Voilà où il faut choisir. ‘‘Qu’on l’appelle autoritarisme ou interventionnisme, dit fort bien M. Henry Léon, l’opposition des tendances que désignera ce mot aux tendances du libéralisme constituera le seul classement normal des partis. On pourra être dans l’un ou l’autre sens, modéré ou radical ; on pourra, étant donné comme point de départ l’importance actuelle du rôle de l’Etat, la diminuer ou l’augmenter avec une prudence ou une rapidité plus ou moins grandes, dans les domaines plus ou moins étendus ; mais si l’on ne considère pas que le progrès soit dans la conception collectiviste qui est l’idéal de l’interventionnisme, on devra songer que chaque pas fait dans le sens d’une extension des attributions de l’Etat sera un pas en arrière.’’
La question est admirablement posée dans ces lignes.
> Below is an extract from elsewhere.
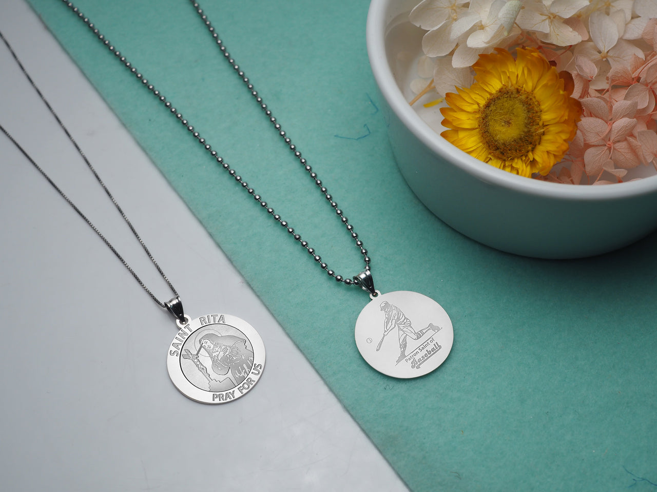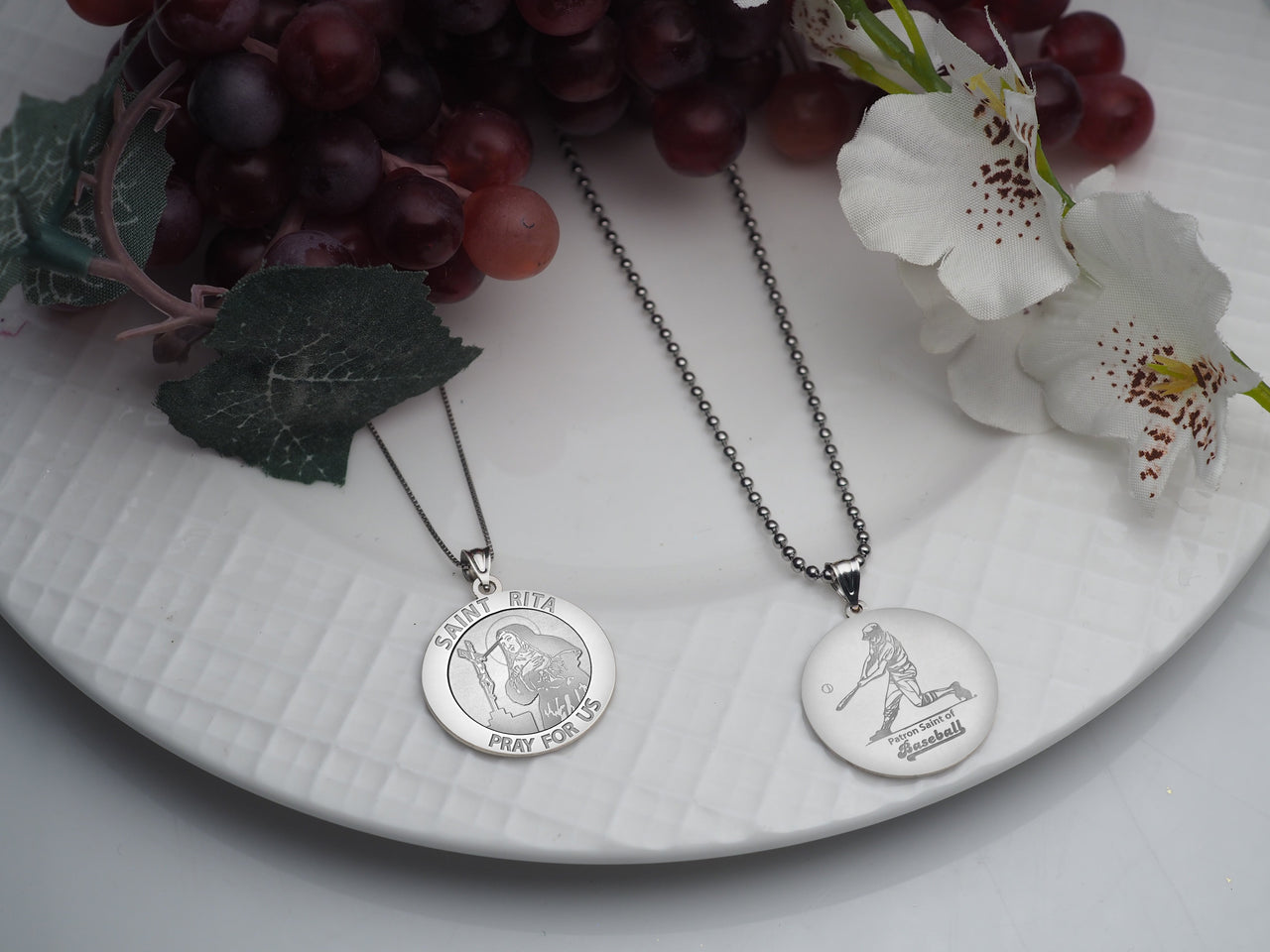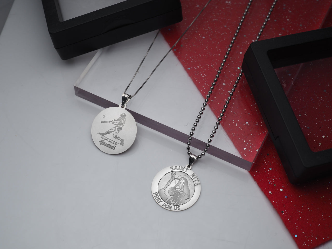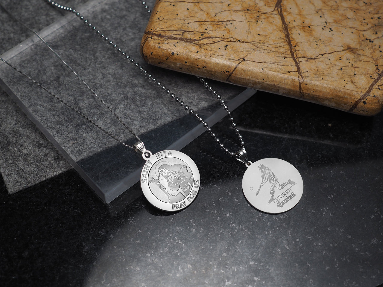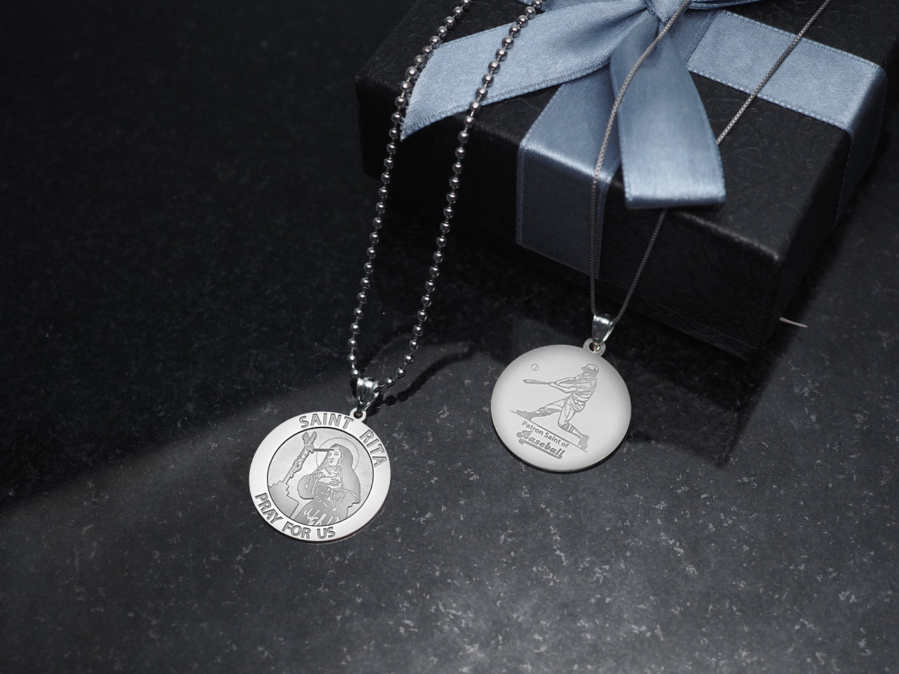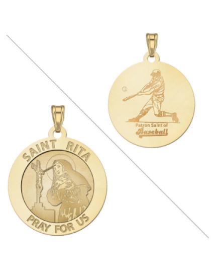 All Religious Medals are Customizable. We can change the spelling, your language, names etc, ex: change "Pray for Us" to "Pray For Me". Just let us know in "special instructions"Recently, St. Rita has been referred to as the patron saint of baseball, due to the several references made to her in the Walt Disney movie The Rookie, in which the chances of Dennis Quaid's character of playing professional baseball is considered a lost cause. This has sparked a small movement in Roman Catholic baseball circles of considering St. Rita the patron saint of the sport: in support of the connection religious medals have been printed with an image of St. Rita on one side and a batter on the other. St. Rita was born at Roccaporena near Spoleto, Umbria, Italy. She married at age 12 to Paolo Mancini. Her parents arranged her marriage, despite the fact that she repeatedly begged them to allow her to enter a convent. Mancini was a rich, quick-tempered, immoral man, who made many enemies in the region. St. Rita endured his insults, abuse, and infidelities for 18 years, and bore two sons with Mancini, Giangiacomo Antonio and Paolo Maria. Although she tried to raise them with Catholic values, her sons grew to be like their father. Toward the end of her husband's life, St. Rita helped convert him to live in a more pious manner. Although Mancini became more congenial, his allies betrayed him, and he was violently stabbed to death. Before his death, he repented to St. Rita and the Church, and she forgave him for his transgressions against her. After Mancini's murder, her sons wished to exact revenge on their father's murderers. Knowing murder was wrong, she tried to persuade them from retaliating, but to no avail. She, instead, prayed to God for Him to take away the lives of her sons instead of seeing them commit such a terrible sin. In religious hist
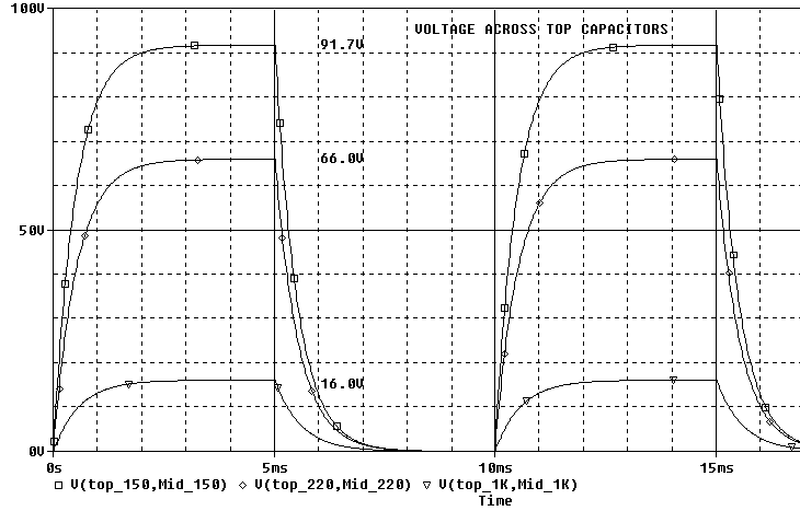 Below is what the voltage across the top capacitors look like.

Elles suffisent pour montrer combien l’étude de M. Henry Léon est digne d’une sérieuse attention. »
Yves Guyot, août 1896
Table des matières de Henry Léon, Malentendus sociaux et politiques :
- Préface d’Yves Guyot.
- Laissez faire, Laissez passer
- La Justice Sociale et l’inégalité des Conditions.
- Les Affaires Publiques et le Classement des Partis.
- Les Institutions et les Mœurs Politiques.
- Les Grandes Entreprises, le Communisme et la limite de la capacité des direction.
- La Solidarité et l’Etat.
[1] L’un des pseudonymes de Henry Léon Follin, sous lequel est paru ce livre en 1896.
[2] Cf. Bulletin de la société Turgot publié par la Société Turgot, Cercle d’études sociales, Le Havre, n°1, janvier 1899, p. 1-22 : « Résumé des travaux de la société depuis sa fondation ».
[3] Cf. Le Journal des économistes, octobre 1918, p. 141-142.
[4] Jules-Auguste Fleury (1839-1906), auteur notamment de Libre échange ! Réponse au mémoire de M. E. Bert sur les traités de commerce et leur renouvellement, Paris, Baudry, 1890. Ingénieur ayant notamment travaillé au percement du canal de Suez et en Amérique du sud, il a collaboré au Génie civil, aux Annales de la construction, et à la Revue des deux mondes. Il était, comme Follin, membre de la Société Turgot du Havre.